**DATASET CONTENT**
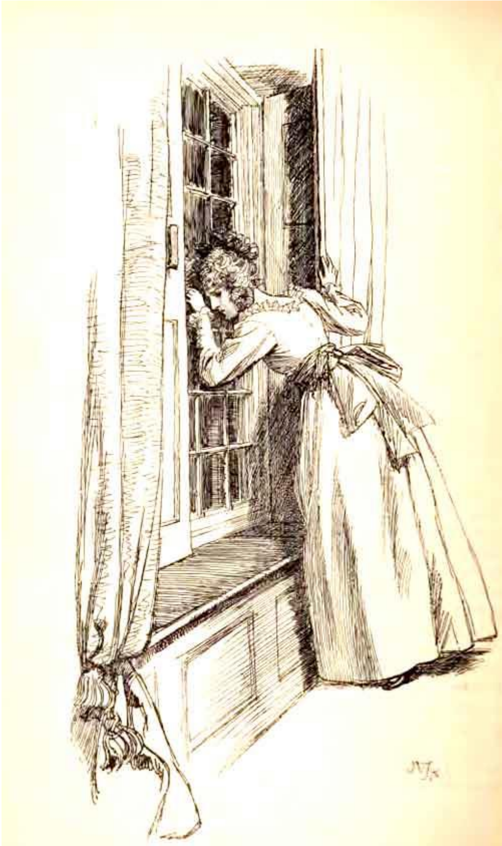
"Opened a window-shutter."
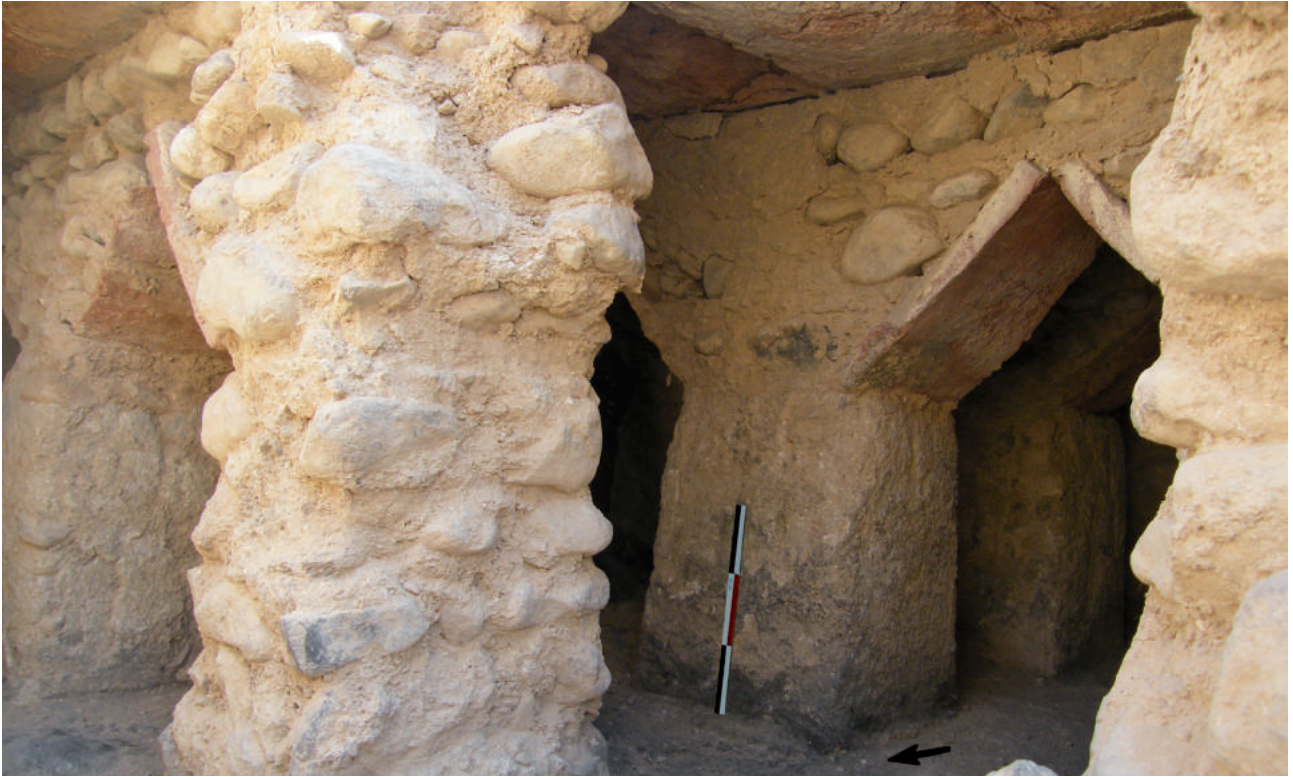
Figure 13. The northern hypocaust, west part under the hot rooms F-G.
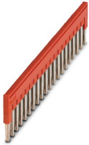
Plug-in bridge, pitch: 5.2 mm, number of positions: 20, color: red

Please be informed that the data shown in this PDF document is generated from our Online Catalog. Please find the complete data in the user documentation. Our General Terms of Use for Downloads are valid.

**PROBLEM DESCRIPTION**
Pictures are to be left out; all other data must be returned exactly.

**RESPONSE TO THIS EXERCISE**
"Opened a window-shutter."
Figure 13. The northern hypocaust, west part under the hot rooms F-G.
Plug-in bridge, pitch: 5.2 mm, number of positions: 20, color: red

Please be informed that the data shown in this PDF document is generated from our Online Catalog. Please find the complete data in the user documentation. Our General Terms of Use for Downloads are valid.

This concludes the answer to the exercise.